We first discuss a phenomenon called data mining. This can involve multiple tests on which variables or correlations are relevant. If used improperly, data mining may associate with scientific misconduct. Next, we discuss one way to arrive at a single final model, involving stepwise methods. We see that various stepwise methods lead to different final models. Next, we see that various configurations in test situations, here illustrated for testing for cointegration, lead to different outcomes. It may be possible to see which configurations make most sense and can be used for empirical analysis. However, we suggest that it is better to keep various models and somehow combine inferences. This is illustrated by an analysis of the losses in airline revenues in the United States owing to 9/11. We see that out of four different models, three estimate a similar loss, while the fourth model suggests only 10 percent of that figure. We argue that it is better to maintain various models, that is, models that stand various diagnostic tests, for inference and for forecasting, and to combine what can be learned from them.
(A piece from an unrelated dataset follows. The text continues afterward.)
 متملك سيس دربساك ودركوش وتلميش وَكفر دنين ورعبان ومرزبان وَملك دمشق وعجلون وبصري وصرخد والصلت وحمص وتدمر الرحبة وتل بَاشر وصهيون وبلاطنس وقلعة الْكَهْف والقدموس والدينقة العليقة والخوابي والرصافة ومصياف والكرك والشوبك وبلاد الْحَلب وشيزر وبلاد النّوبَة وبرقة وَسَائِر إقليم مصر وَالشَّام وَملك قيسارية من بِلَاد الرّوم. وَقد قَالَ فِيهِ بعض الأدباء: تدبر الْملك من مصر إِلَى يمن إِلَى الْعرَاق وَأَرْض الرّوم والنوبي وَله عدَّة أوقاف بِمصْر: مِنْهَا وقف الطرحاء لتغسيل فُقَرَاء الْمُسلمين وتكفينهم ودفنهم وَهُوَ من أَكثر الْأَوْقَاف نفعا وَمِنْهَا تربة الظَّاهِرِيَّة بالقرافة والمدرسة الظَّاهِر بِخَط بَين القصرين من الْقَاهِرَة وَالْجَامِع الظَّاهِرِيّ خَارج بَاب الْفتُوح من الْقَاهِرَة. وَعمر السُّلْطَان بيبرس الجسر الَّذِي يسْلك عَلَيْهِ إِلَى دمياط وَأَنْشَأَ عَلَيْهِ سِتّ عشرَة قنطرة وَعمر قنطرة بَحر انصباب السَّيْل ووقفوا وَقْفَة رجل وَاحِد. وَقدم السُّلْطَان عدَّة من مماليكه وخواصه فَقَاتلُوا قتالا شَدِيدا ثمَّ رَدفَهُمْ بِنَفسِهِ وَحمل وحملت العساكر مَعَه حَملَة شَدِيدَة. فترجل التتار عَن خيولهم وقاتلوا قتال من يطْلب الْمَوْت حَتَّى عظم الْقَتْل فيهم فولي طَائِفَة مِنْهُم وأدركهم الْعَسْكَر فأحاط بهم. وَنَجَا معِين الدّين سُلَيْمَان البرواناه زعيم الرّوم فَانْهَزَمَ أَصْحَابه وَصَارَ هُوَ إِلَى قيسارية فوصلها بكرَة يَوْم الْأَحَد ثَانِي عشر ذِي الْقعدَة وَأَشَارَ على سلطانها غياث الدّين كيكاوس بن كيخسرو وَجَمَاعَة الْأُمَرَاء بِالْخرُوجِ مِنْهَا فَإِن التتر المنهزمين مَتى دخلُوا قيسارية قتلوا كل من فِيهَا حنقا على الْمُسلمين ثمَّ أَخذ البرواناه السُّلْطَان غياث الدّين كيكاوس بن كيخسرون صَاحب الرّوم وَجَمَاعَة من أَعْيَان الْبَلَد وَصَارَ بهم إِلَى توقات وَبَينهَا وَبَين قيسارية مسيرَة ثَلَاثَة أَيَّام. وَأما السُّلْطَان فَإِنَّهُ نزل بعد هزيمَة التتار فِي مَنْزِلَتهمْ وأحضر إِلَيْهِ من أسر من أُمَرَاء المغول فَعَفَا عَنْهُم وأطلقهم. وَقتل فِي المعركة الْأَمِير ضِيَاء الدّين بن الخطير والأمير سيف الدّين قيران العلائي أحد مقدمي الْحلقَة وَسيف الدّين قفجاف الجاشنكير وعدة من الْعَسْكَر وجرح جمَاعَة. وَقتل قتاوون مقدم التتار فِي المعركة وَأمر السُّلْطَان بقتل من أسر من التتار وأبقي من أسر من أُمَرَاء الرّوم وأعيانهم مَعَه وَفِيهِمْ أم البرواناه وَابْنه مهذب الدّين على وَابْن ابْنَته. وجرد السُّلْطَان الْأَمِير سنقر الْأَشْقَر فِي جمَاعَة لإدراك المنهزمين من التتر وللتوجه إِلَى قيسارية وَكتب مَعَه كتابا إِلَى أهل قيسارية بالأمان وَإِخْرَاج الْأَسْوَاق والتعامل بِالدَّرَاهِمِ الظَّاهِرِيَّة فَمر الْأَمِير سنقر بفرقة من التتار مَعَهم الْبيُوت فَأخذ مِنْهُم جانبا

In practice it may happen that a first-try econometric model is not appropriate because it violates one or more of the key assumptions that are needed to obtain valid results. In case there is something wrong with the variables, such as measurement error or strong collinearity, we may better modify the estimation method or change the model. In the present chapter we deal with endogeneity, which can, for example, be caused by measurement error, and which implies that one or more regressors are correlated with the unknown error term. This is of course not immediately visible because the errors are not known beforehand and are estimated jointly with the unknown parameters. Endogeneity can thus happen when a regressor is measured with error, and, as we see, when the data are aggregated at too low a frequency. Another issue is called multicollinearity, in which it is difficult to disentangle (the statistical significance of) the separate effects. This certainly holds for levels and squares of the same variable. Finally, we deal with the interpretation of model outcomes.
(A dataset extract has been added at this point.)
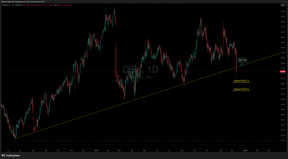 DBX cloud crash: Dropbox stock sinks below critical trendline—Can $26.13 hold the line?

This chapter opens with some quotes and insights on megaprojects. We turn to the construction and the use of prediction intervals in a time series context. We see that depending on the choice of the number of unit roots (stochastic trends) or the sample size (when does the sample start?), we can compute a wide range of prediction intervals. Next, we see that those trends, and breaks in levels and breaks in trend, can yield a wide variety of forecasts. Again, we reiterate that maintaining a variety of models and outcomes is useful, and that an equal-weighted combination of results can be most appropriate. Indeed, any specific choice leads to a different outcome. Finally, we discuss for a simple first-order autoregression how you can see what the limits to predictability are. We see that these limits are closer than we may think at the onset.
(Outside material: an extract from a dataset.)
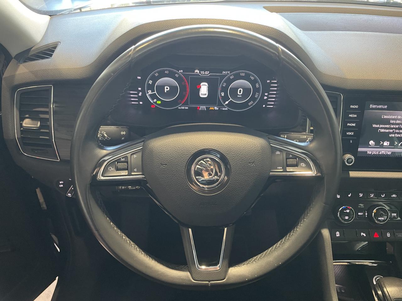 2 éclairages à l'avant, 1 central à l'arrière2 liseuses à l'avant2 supports de tablettes au dos des sièges avant3 appuie-tête arrière8 haut-parleursAccoudoir central arrière avec porte-gobeletAccoudoir central avant avec rangement Jumbo Box, porte-gobelets et prise 12VAide au stationnement avant/arrièreAirbag genoux conducteurAirbags frontaux conducteur et passager (déconnectable côté passager)Airbags latéraux (thorax) dans les sièges avantAirbags rideaux (tête) avant et arrièreAnti-patinage électronique ASRAppel d'urgence - EcallAssistance 24/24 H pendant 7 ansBacs de rangement porte-bouteilles 1 l dans les portes arrièreBacs de rangement porte-bouteilles 1,5 l dans les portes avantBanquette arrière 60/40, rabattable et coulissante sur 180 mm avec fonction easy-entryBlocage de l'arrivée de carburant en cas d'accidentBlocage électronique de différentiel EDSBoîte à gants réfrigéréeCaméra de reculCamera de recul, Feux arrière full LedCargo-éléments dans le coffreCeintures de sécurité arrière 3 pointsCeintures de sécurité avant 3 points, réglables en hauteur, avec prétensionneursClimatisation automatique bi-zone “Climatronic"Commutateur de phares chroméCompartiments de rangement latéraux dans le coffre, derrière les passages de rouesContrôle de pression des pneus ( TPMS )Couvre-coffre à enrouleur avec position intermédiaireDéblocage automatique des portes et activation des feux de détresse en cas d'accidentDirection assistée asservie à la vitesseDSR : contrebraquage assistéEBV : Répartiteur électronique de freinageEchappement invisibleEclairage des caves à pieds avantESC (Correcteur électronique de trajectoire)Essuie-glace arrière incluant des buses de lavageEssuie-glace avant AERO à intermittence incluant des buses de lavageFeux arrière antibrouillard à LEDFeux arrière full LED et éclairage de la plaque minéralogique à LEDFeux de jour à LEDFiltre à pollenFixations ISOFIX aux places arrière extérieures pour sièges enfantsFrein de parking électrique avec fonction Auto-HoldGarantie 2 ans Kilométrage illimitéGrille de calandre noire avec encadrement chroméHBA (système hydraulique d'assistance au freinage)HHC (assistance au démarrage en côte)Indicateur de température extérieureInfotainment Online 1 an + Care Connect 1 anInserts décoratifs noir veinéInterface multimédia USB compatible Apple connectivityJantes alliage 18" "ELBRUS"Jeu de filets dans le coffreKessy FULL: système d'autorisation d'accès, de démarrage et d'arrêt du moteur main-libreKit anti-crevaisonKlaxon bi-tonLimiteur de vitesseLumières de courtoisie à l'avant et à l'arrièreLunette arrière dégivranteMKB (système anti multicollision)MSR : Régulateur de couple d'inertie moteurOrdinateur de bord grand écran "Maxi-Dot" couleurPack chromePack d'éclairage d'ambiance intérieur à LEDPack VisibilitéPare-chocs couleur carrosseriePare-soleil éclairésPeinture opaque Bleu EnergiePetit pack cuirPhares antibrouillard avant intégrésPhares avant Full LED avec système d'éclairage auto-adaptatif AFS,feux antibrouillard avec fonction Corner lights, Lave-phares téléscopiquesPoignées de porte intérieures chroméesPommeau de levier de vitesses noir glossy, contour chroméPréparation pour crochet d'attelagePrise 12V dans le coffreProtection contre les erreurs de choix de carburantProtection des passages de roue avant et arrière noir mat (plastique)Rampes de pavillon argentRange-parapluie dans les portes avantRangement fermé côté conducteurRégulateur de vitesse adaptatif, contrôle de la vitesse jusqu'à 160km/hRétroviseur intérieur électrochromatique + Light Assist (Coming Home , Leaving Home, Allumage automatique des phares, Feux de jour) + Détecteur de pluieRétroviseurs et poignées de portes de couleur carrosserieRétroviseurs extérieurs électriques électrochromes à mémoire dégivrants rabattables, automatiques avec rappel de clignotants et éclairage du solRideaux pare-soleil manuels pour les vitres arrièreSellerie cuir/suède noirSeuils de portes avantSide Assist - Système de détection des angles mortsSiège conducteur à réglage électrique et à mémoire avec réglage lombaire électriqueSiège passager réglable en hauteur manuellementSièges avant chauffantsSignal sonore de ceinture non boucléeSpoiler arrière avec 3ème feu stop intégréSupport de gilet de sécurité dans le panneau de porteSupport-ticket sur le montant ASystème antiblocage des roues (ABS)Système de navigation AMUNDSEN 8" couleur tactile 2,5D (SD, USB, AUX in, Bluetooth, SmartLink, WLAN hotspot). Cartographie Europe de l'Ouest surs/carte SD.Commande vocale, Amplificateur électronique de voix. Infotainment Online 1 ansSystème de reconnaissance des panneaux de signalisation TSR (Traffic Sign recognition)Système Front AssistSystème Smartlink (Mirrorlink, Android Auto, Carplay, SmartGate)Système Start/ Stop avec récupération d'énergie de freinageSystème téléphone mobile BluetoothTapis de sol textileVerrouillage centralisé à distance (2 clés)Virtual Pedal : ouverture mains-libres du coffre à bagages incluant le Hayon de coffre à ouverture et fermeture électriquesVitres électriques avant-arrière avec fonction confort et sécurité enfantVitres latérales et lunette arrière surteintéesVolant multifonction 3 branches réglable en hauteur et profondeur

This chapter uses a range of quotes and findings from the internet and the literature. The key premises of this chapter, which is illustrated with examples, are as follows. First, Big Data requires the use of algorithms. Second, algorithms can create misleading information. Third, algorithms can lead to destructive outcomes. But we should not forget that humans program algorithms. With Big Data come algorithms to run many and involved computations. We cannot oversee all these data ourselves, so we need the help of algorithms to make computations for us. We might label these algorithms as Artificial Intelligence, but this might suggest that they can do things on their own. They can run massive computations, but they need to be fed with data. And this feeding is usually done by us, by humans, and we also choose the algorithms to be used.